------ Input data ------

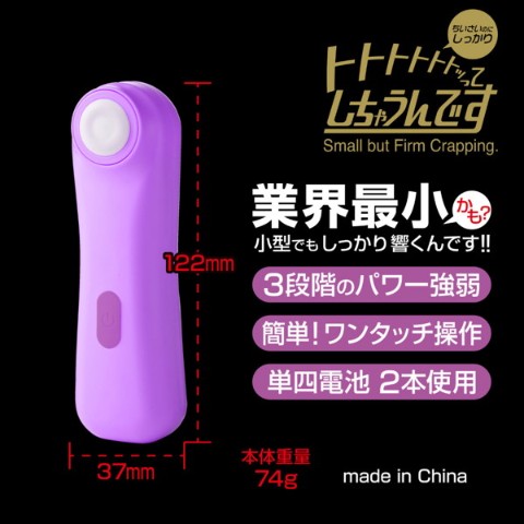 叩く様な刺激の新感覚ローターが登場です。その名も「トトトトトトッってしちゃうんです」。使い方は簡単!単四電池2本を入れ、電源スイッチ長押しでスタート。あとは電源スイッチを短押しすることで、3段階のパワー強弱をお楽しみいただけます。本製品は小型で簡易的なモデルですが、刺激は意外とパワフル。十分なパワーを発揮し、しっかりと楽しめることでしょう。小さく可愛いのに、とっても刺激的な新感覚ローター「トトトトトトッってしちゃうんです」。小型だからと侮らずに、お試しください。
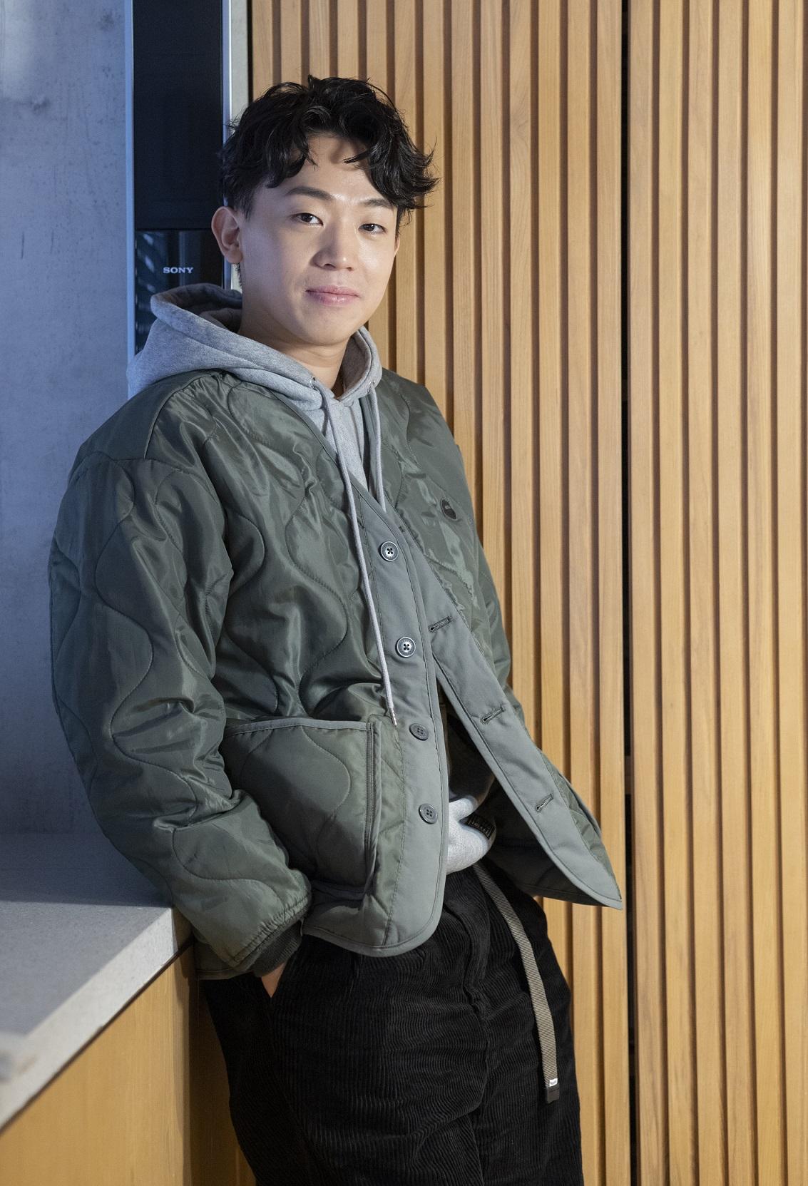 岑珈其笑言為與黃浩然導演再合作,願意操練身形拍脫戲。(蘇文傑攝) 岑珈其感激妻子全力支持他發展演藝事業。
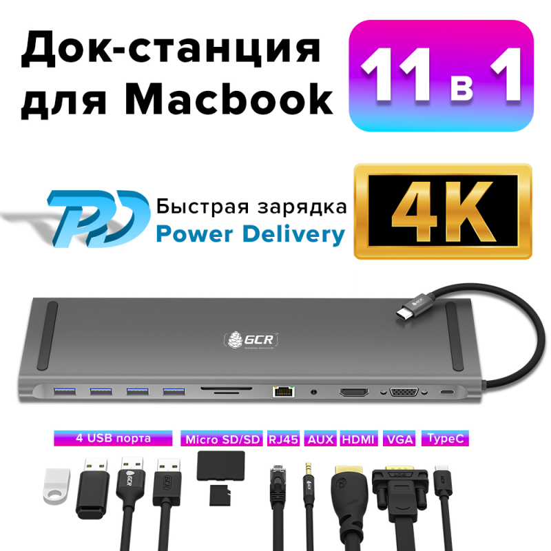 USB разветвитель и HUB 11 в 1 для MacBook решит проблему подключения телевизора, монитора, проектора и периферийных устройств к ноутбуку с разъемом Type C. Док-станция 11 в 1 оснащена четырьмя USB портами, разъемом Type C с поддержкой Power Delivery, RJ45 + VGA + HDMI разъемами, слотами для MicroSD/SD карт и аудио-выходом для наушников.
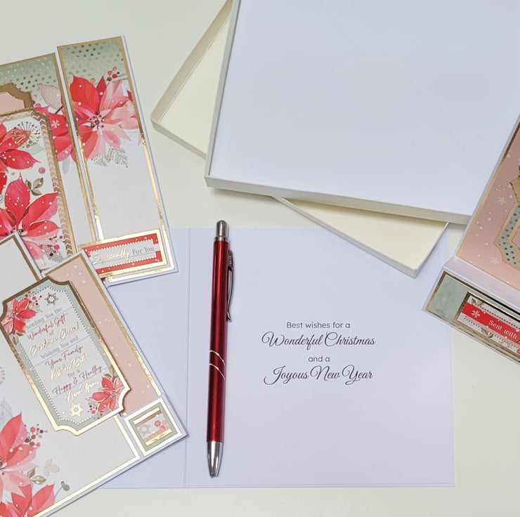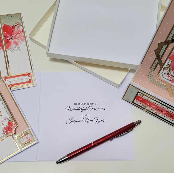 Each card measures 5.5 x 5.5 inches (14 x 14 cm), are supplied with plain white envelopes, and all contain a sentiment on the inside of the card which reads "Best wishes for a wonderful Christmas and a joyous new year".

------

What you should do - Transcribe the data completely. No pictures should appear in the transcription.

Answer to this exercise -
 叩く様な刺激の新感覚ローターが登場です。その名も「トトトトトトッってしちゃうんです」。使い方は簡単!単四電池2本を入れ、電源スイッチ長押しでスタート。あとは電源スイッチを短押しすることで、3段階のパワー強弱をお楽しみいただけます。本製品は小型で簡易的なモデルですが、刺激は意外とパワフル。十分なパワーを発揮し、しっかりと楽しめることでしょう。小さく可愛いのに、とっても刺激的な新感覚ローター「トトトトトトッってしちゃうんです」。小型だからと侮らずに、お試しください。
 岑珈其笑言為與黃浩然導演再合作,願意操練身形拍脫戲。(蘇文傑攝) 岑珈其感激妻子全力支持他發展演藝事業。
 USB разветвитель и HUB 11 в 1 для MacBook решит проблему подключения телевизора, монитора, проектора и периферийных устройств к ноутбуку с разъемом Type C. Док-станция 11 в 1 оснащена четырьмя USB портами, разъемом Type C с поддержкой Power Delivery, RJ45 + VGA + HDMI разъемами, слотами для MicroSD/SD карт и аудио-выходом для наушников.
 Each card measures 5.5 x 5.5 inches (14 x 14 cm), are supplied with plain white envelopes, and all contain a sentiment on the inside of the card which reads "Best wishes for a wonderful Christmas and a joyous new year".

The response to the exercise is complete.